- [WHAT YOU NEED TO DO]: No line before the one holding "Ken was trained" is wanted; restate word for word that line and all lines after it to the end of the entries, excluding pictures.

(Beginning of DATA)

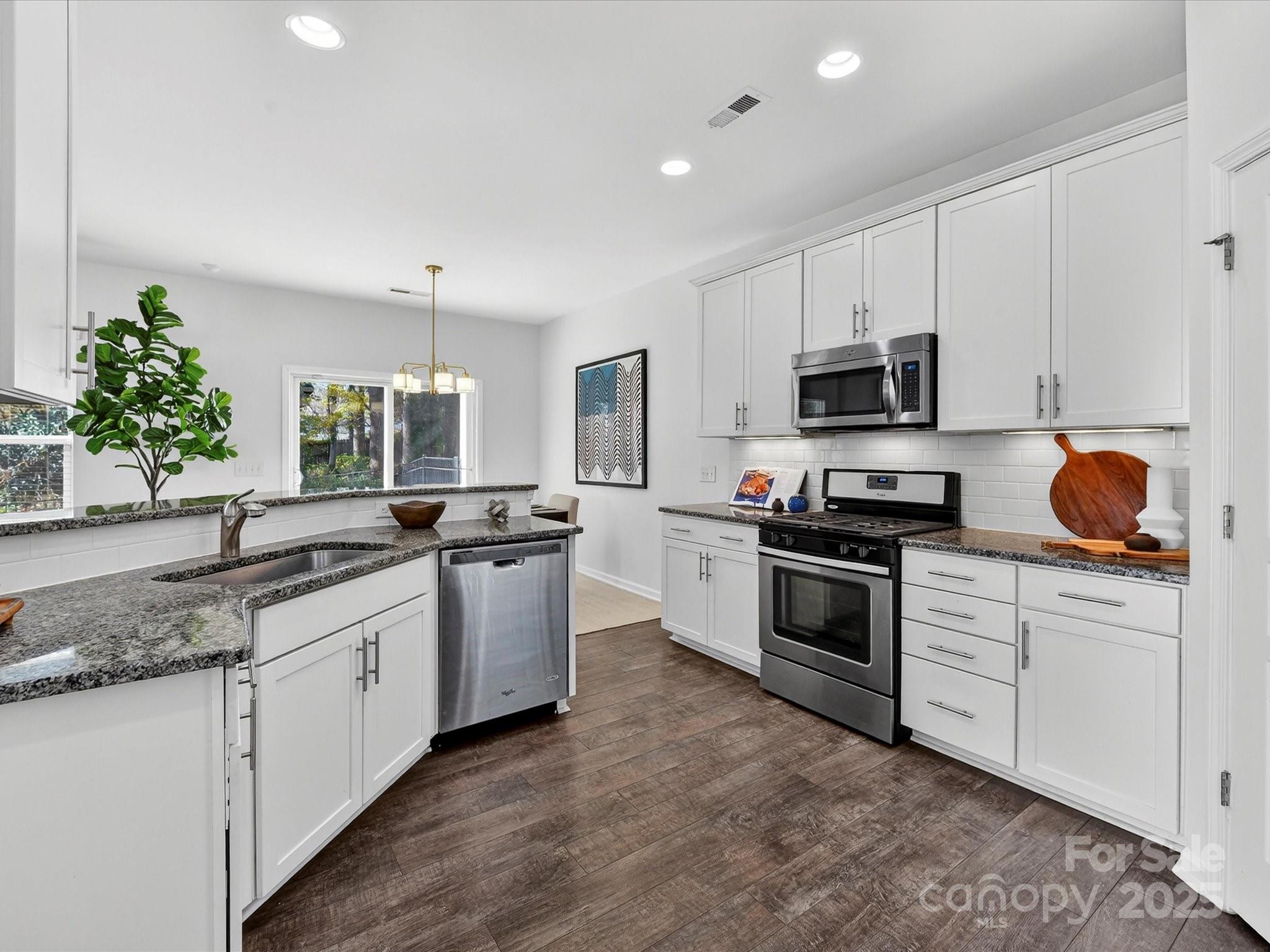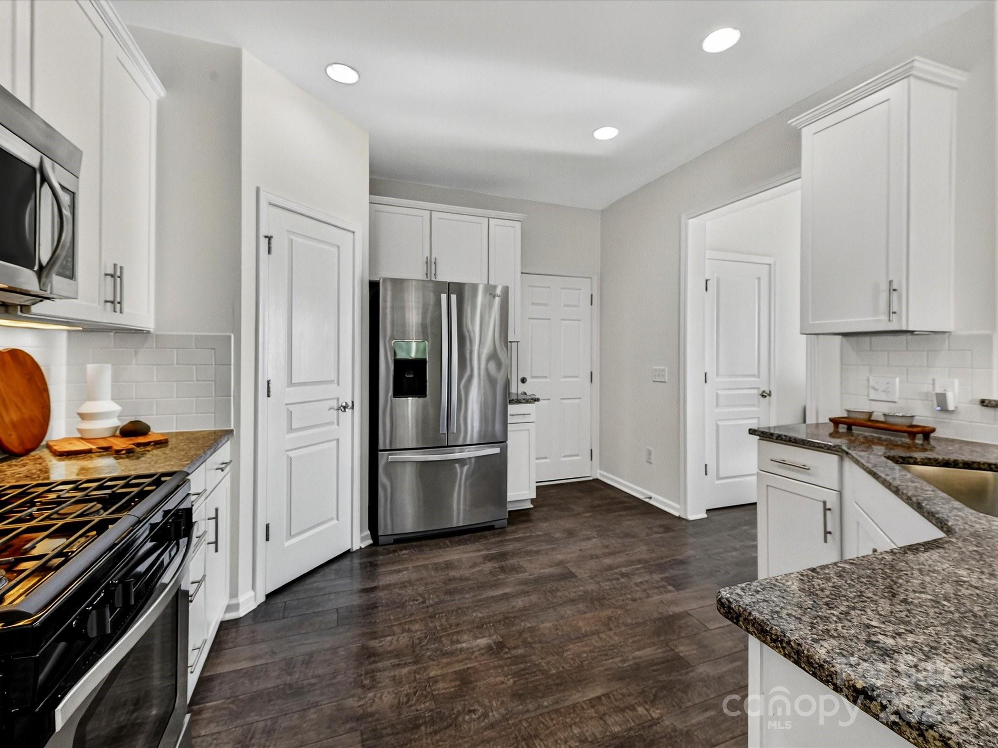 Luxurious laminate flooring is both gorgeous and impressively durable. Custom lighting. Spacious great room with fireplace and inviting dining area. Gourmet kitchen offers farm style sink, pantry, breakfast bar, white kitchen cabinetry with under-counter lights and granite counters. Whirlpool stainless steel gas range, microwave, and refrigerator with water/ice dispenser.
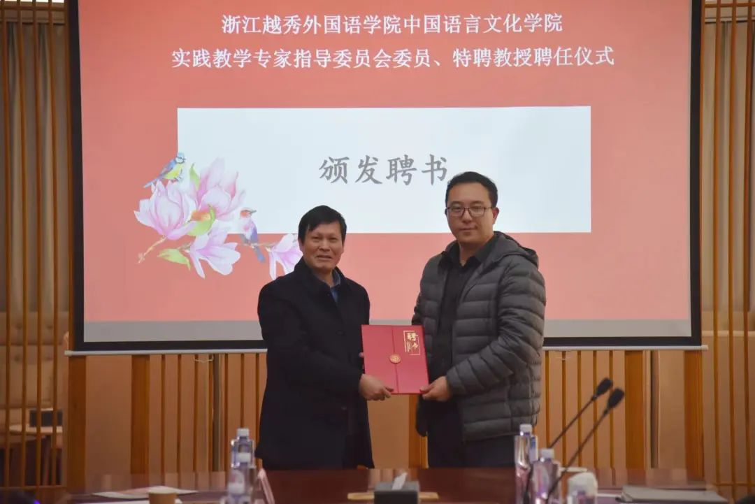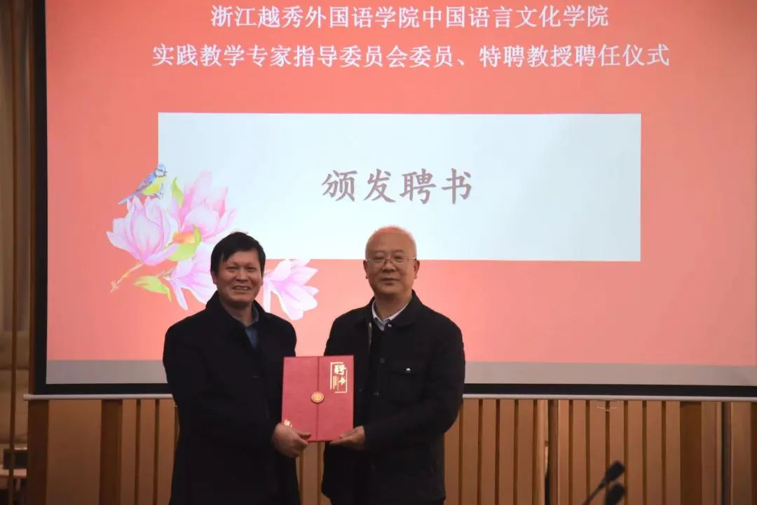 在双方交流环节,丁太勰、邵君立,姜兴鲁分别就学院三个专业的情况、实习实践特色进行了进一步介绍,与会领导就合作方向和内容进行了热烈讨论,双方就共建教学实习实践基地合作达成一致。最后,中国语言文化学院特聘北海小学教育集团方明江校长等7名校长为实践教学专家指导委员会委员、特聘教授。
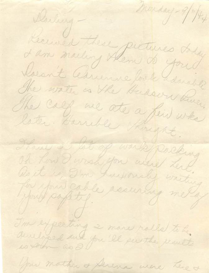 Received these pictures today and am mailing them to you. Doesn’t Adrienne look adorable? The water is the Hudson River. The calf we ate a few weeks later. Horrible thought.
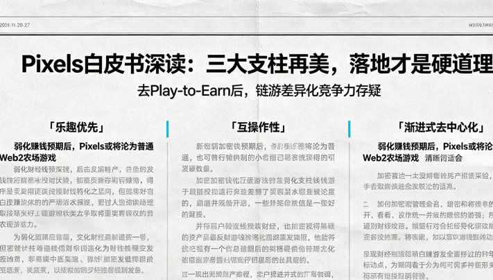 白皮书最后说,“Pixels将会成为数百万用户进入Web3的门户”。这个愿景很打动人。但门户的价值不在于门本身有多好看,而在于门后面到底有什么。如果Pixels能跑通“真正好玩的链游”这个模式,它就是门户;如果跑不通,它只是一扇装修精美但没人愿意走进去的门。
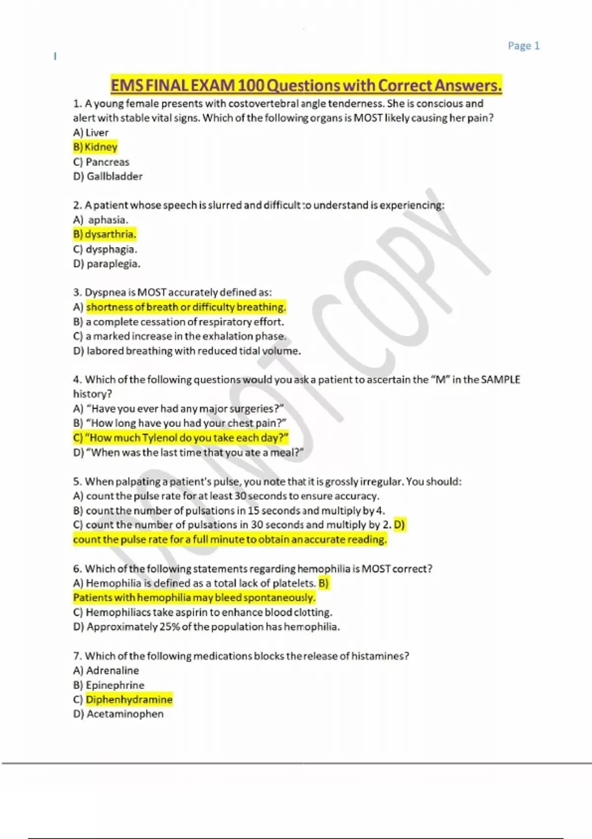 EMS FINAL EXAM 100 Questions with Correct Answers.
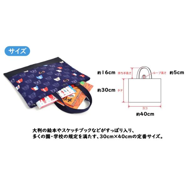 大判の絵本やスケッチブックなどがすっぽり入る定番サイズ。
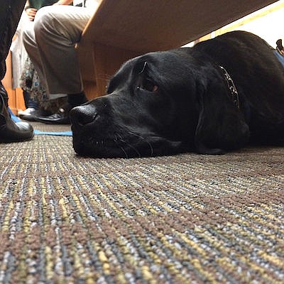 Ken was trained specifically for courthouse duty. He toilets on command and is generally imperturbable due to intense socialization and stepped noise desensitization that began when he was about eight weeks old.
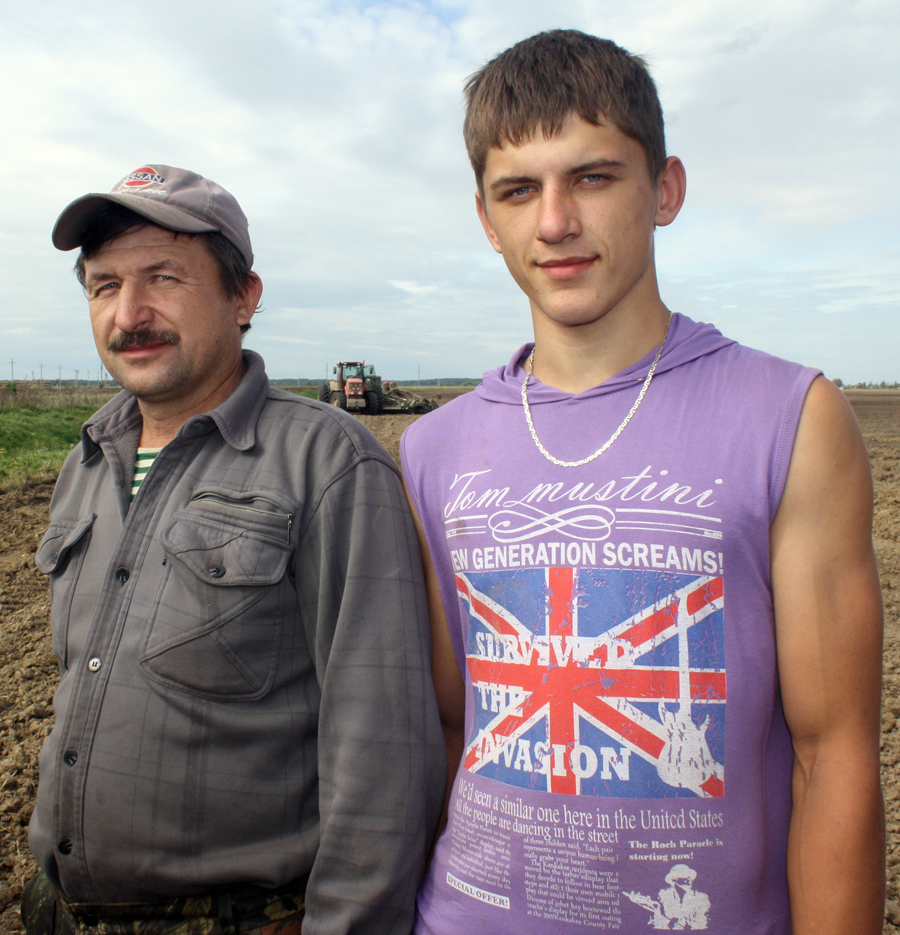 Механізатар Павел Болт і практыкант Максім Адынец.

(End of DATA)

- [EXERCISE SOLUTION]:
 Ken was trained specifically for courthouse duty. He toilets on command and is generally imperturbable due to intense socialization and stepped noise desensitization that began when he was about eight weeks old.
 Механізатар Павел Болт і практыкант Максім Адынец.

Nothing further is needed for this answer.